Na conversa com a jornalista Lesley Stahl, do 60 Minutes, Trump reiterou a disposição em seguir com as políticas de imigração controversas que, ao longo da campanha, chegaram a ser consideradas xenófobas. O republicano assegurou a construção de um muro na fronteira com o México, mas considerou que nem todos os trechos serão de alvenaria. “Poderá haver cercas. Mas, para certas áreas, um muro é mais apropriado. Sou muito bom nisso”, disse. Segundo o republicano, depois que a fronteira estiver segura, seu governo fará uma “determinação” sobre o futuro dos cerca de 11 milhões de imigrantes ilegais que vivem nos EUA.

Enquanto Trump demonstra que está estruturando as políticas de governo, o presidente da Câmara dos Deputados, o republicano Paul Ryan, afirmou à rede CNN que um plano de deportação em massa não é prioridade. “Não é nisso em que estamos focados. Estamos focados em tornar a fronteira segura”, garantiu.  Diante do histórico de diferenças entre Trump e Ryan, ainda não está claro como o presidente da Câmara ajudará o futuro chefe de Estado a conseguir o apoio necessário no Congresso para seguir com a agenda. O líder da bancada republicana na casa, Kevin McCarthy, alertou que um plano de deportação em massa será difícil de ser implementado e indicou que há mais disposição entre os legisladores em apoiar o fortalecimento da segurança nas fronteiras. “Eu acho que é muito factível e é uma das coisas que têm de ser feitas”, ponderou, em entrevista à rede Fox News. 

Limitações

Stephen Yale-Loehr, especialista em políticas de imigração e professor de direito da Universidade Cornell, observa que Trump precisará de aprovação do Capitólio para parte de suas propostas, incluindo a construção do muro no sul do país. “Mesmo que os republicanos estejam no controle, tanto da Câmara, quanto do Senado, pelos próximos dois anos, é sempre difícil para o Congresso agir de forma significativa sobre mudanças no sistema de imigração, porque o tema é muito complexo e controverso”, pondera.

O estudioso observa que Trump pode revogar unilateralmente as ordens executivas emitidas pelo presidente Barack Obama sobre o tema, mas que precisará do apoio do Legislativo para ter o orçamento a ser usado em medidas substanciais. “O governo federal é como um porta-aviões; é difícil mudar seu curso rapidamente”, compara. “Além disso, algumas das suas propostas mais controversas, como a criação de um teste ideológico para admissão nos EUA, certamente provocariam desafios constitucionais nos tribunais.”

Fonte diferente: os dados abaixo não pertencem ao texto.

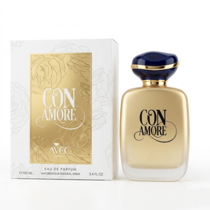 CON AMORE Es una fragancia que captura la esencia de la pasión y el romance en cada nota. Con un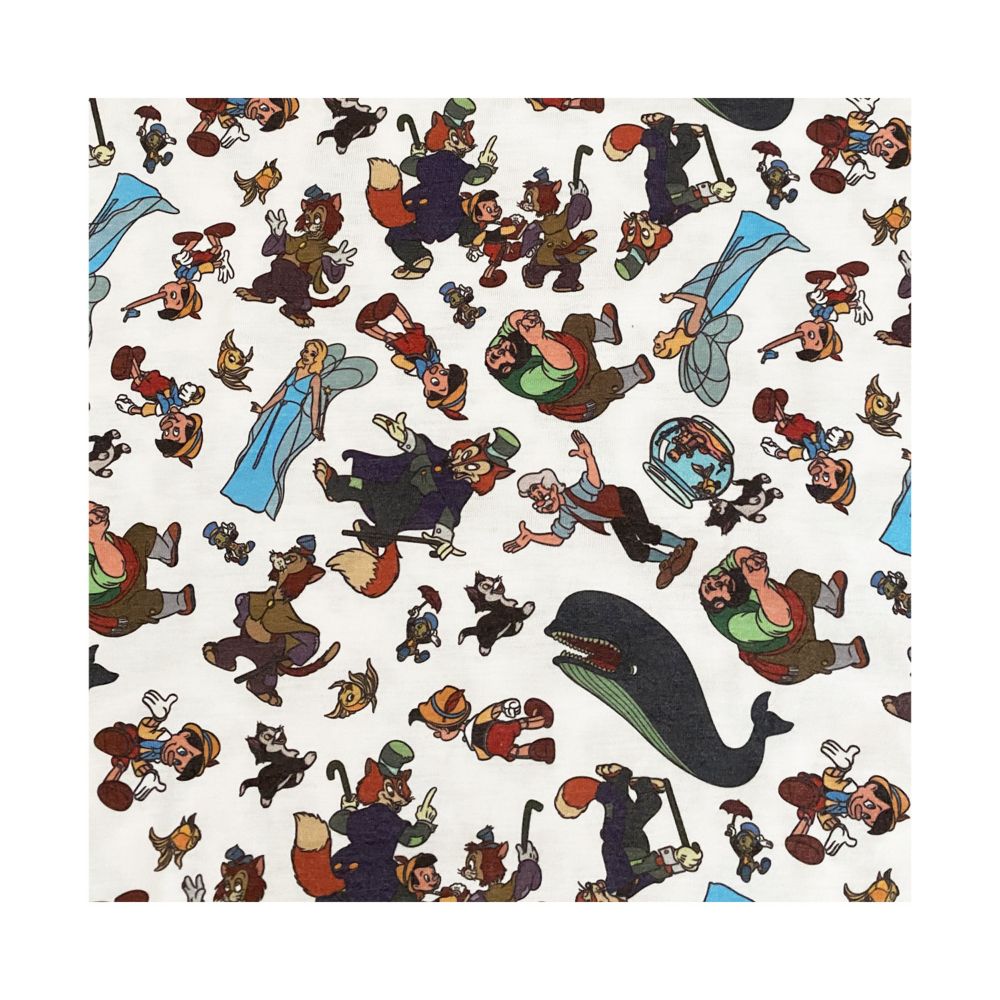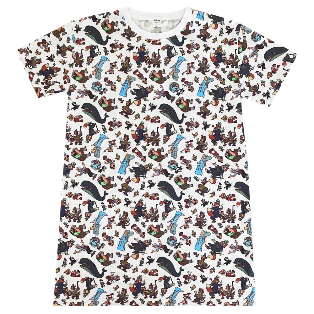 DisneyピノキオのロングTシャツ!キャラクターのパターンがギッシリ詰まった総柄デザインなので、アイキャッチになりTシャツスタイルを楽しめます。便利なロング丈なので1枚でもTシャツワンピとしても活躍します。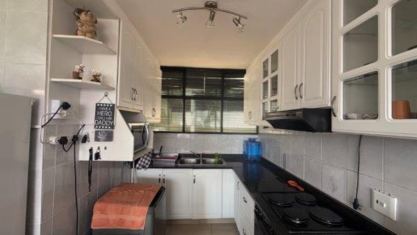 This superb two-bedroom duplex at Sunny Birches, The Birches, is filled with natural light. It is neat and well-maintained, featuring an enclosed patio, an open-plan modern kitchen, lounge, and dining area, plus a guest loo. The bedrooms are upstairs with one family bathroom. The unit also includes a prepaid electricity meter.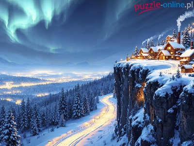 Droga, Zima, Dolina, Zorza polarna, Domy, Skały, Las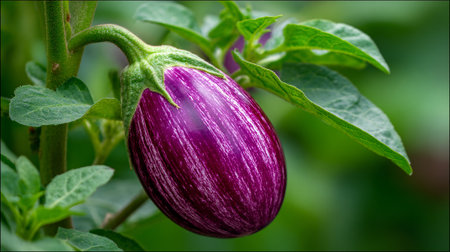 Beautiful vibrant eggplant nestled among greenery in a natural setting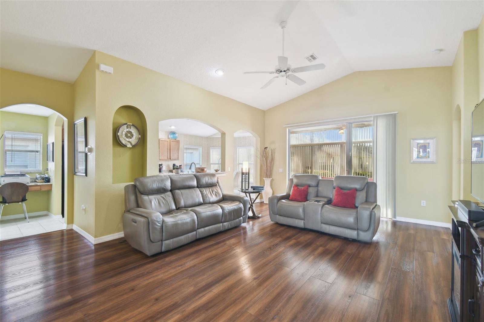 PRICE REDUCTION ON THIS OUTSTANDING IMMACULATE COUNTRY CLUB HOME THAT COMES WITH A GOLF CART, SO YOU CAN TEE IT UP OR DRIVE TO THE CLUBHOUSE WHERE LOTS OF ACTIVITIES TAKE PLACE. PICKLE BALL, TENNIS, LOUNGE, POOL AND AN EXCEPTIONAL RESTAURANT, EXERCISE ROOM, GAME ROOM AND MUCH MORE. THIS 2 BEDROOM 2 BATH HOME BOASTS HIGH KNOCK DOWN CEILINGS, WOOD CABINETS WITH LOTS OF GRANITE TOPS. WOOD GRAIN LUXURY VINYL PLANKING, CERAMIC TILE AND CARPET HIGHLIGHT THE FLOORS IN THIS WIDE OPEN HOME. A NEW ROOF WITH CURRENT AND ASSIGNABLE WIND MITIGATION REPORT WILL ALLOW YOU DISCOUNTS FOR HOME INSURANCE. NEWER AIR CONDITIONING SYSTEM, APPLIANCES INCLUDING THE NEW WASHER AND DRYER. EXTERIOR GROUND MAINTAINCE IS TAKEN CARE OF AND THIS HOME IS PART OF A VILLAGE WITH A PAINT RESERVE, ASSURING THE EXTERIOR PAINT ON YOUR HOME IS FRESHLY PAINTED EVERY 5 YEARS. THIS IS DEFINITELY A MUST SEE HOME.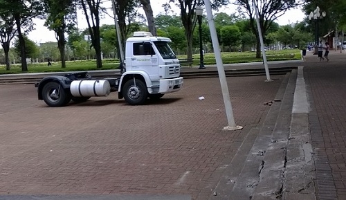 "O estrago que o caminhão fez na calçada da praça São José, no último final de semana". Marcos Fernando

Para Daniel Palazzolo, cientista político da Universidade de Richmond, o maior desafio de Trump está relacionado aos problemas de liderança que ele enfrenta. “A maioria dos eleitores se opõe às prioridades políticas de Trump: 54% se opõem à construção do muro e 70% acreditam que imigrantes ilegais que trabalham nos EUA deveriam ter uma oferta de legalização de seu status”, recorda. Palazzolo avalia que a alta rejeição do presidente eleito e o fato de ele ter sido derrotado por Hillary Clinton no voto popular não asseguram a legitimidade de suas ações. Embora o especialista acredite que as mudanças propostas por Trump virão, ele pondera que para onde essas medidas levarão o país ainda é uma questão aberta. 

Frase

“Algumas das suas propostas mais controversas, como a criação de um teste ideológico para admissão nos EUA, certamente provocariam desafios constitucionais nos tribunais”

Stephen Yale-Loehr, professor de direito da Universidade Cornell.